TT Dataset Performance

Fold	Dataset	Best RMSE	Best Iteration
Fold 1	TT	9,352,584.717	927
Fold 2	TT	8,900,936.225	1,057
Fold 3	TT	9,062,812.230	959
Fold 4	TT	8,943,788.723	1,071
Fold 5	TT	8,741,932.182	765
Average RMSE	TT	9,000,410.815	-

TT_1 Dataset Performance

Fold	Dataset	Best RMSE	Best Iteration
Fold 1	TT_1	8,917,765.610	705
Fold 2	TT_1	9,366,466.339	623
Fold 3	TT_1	8,988,736.834	1,152
Fold 4	TT_1	9,235,183.579	823
Fold 5	TT_1	8,814,851.163	1,113
Average RMSE	TT_1	9,064,600.705	-

Explanation of Merging Predictions with Targets for Analysis

The predictions were merged with actual target values from various datasets to create ensemble predictions for model analysis.

Process Overview

The methodology involves:

Merging Predictions with Targets: Combining the model predictions with corresponding target values from multiple datasets to build a complete dataset for evaluation.
Evaluating the Baseline Model: Running the baseline model on different datasets to predict target values and assess model performance.
Generating Ensemble Predictions: Averaging the predictions from all datasets to create a final ensemble prediction.

Step-by-Step Explanation

1. Merging Predictions with Target Values

Predictions from the baseline model were generated for each dataset (e.g., TT, TT_1, and TT_2). These predictions were merged with the actual target values from the respective datasets to create comprehensive data tables. This merging facilitates a direct comparison between the predicted values and the actual targets, aiding in evaluation and further analysis.

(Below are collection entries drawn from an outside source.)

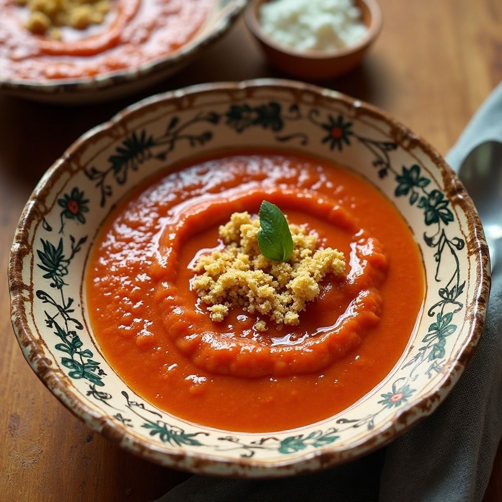 El salmorejo es un plato emblemático de la región andaluza, especialmente en Córdoba y Sevilla. Esta versión especial con aceite de oliva de Jumilla destaca la importancia del aceite de oliva en la cocina española, considerada un pilar de su gastronomía. Jumilla, ubicada en la región de Murcia, es famosa por sus variedades de aceitunas y aceites de oliva con reconocidas propiedades organolépticas, lo que hace que este plato tenga una calidad única.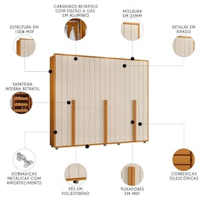 O grande diferencial desta peça está nas quatro sapateiras deslizantes com corrediças telescópicas, que oferecem organização adicional e fácil visualização dos calçados. As seis gavetas também com corrediças telescópicas garantem funcionalidade no dia a dia. Os pés em poliestireno asseguram estabilidade à estrutura. O guarda roupa se destaca pelo espaço generoso e pela elegância, ideal para o Quarto de Casal ou solteiro.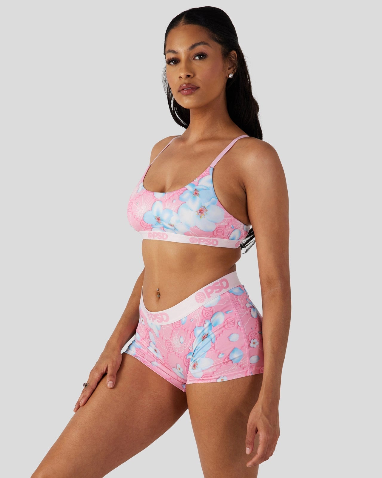 Now blooming for spring: the Blossom Blues Scoop Bralette. Featuring blue cherry blossoms over a pink and white floral design. fill your drawer with the kind of flowers that’ll last forever. Made of our silky poly blend. the Scoop Bralette almost feels like you’re not wearing a bra at all. It’s fully lined and features include adjustable straps. a cute scoop neckline. and a soft microfiber band that won’t ride or rub.

2. Evaluating the Baseline Model

The baseline model was applied to each dataset using KFold cross-validation to split the data into training and test sets. This method helps in evaluating the model's performance across different data partitions, ensuring a robust estimation of its predictive power.

3. Creating Ensemble Predictions

Predictions from each dataset were combined to form an ensemble prediction. This was done by averaging the predictions across all datasets, which helps to mitigate variability and enhance the overall prediction stability.

4. Generating a Final Output

The ensemble predictions were compiled into a final DataFrame that included an id column for identification and a target column for the predicted values. This dataset was then exported as a CSV file for further analysis, review, or submission.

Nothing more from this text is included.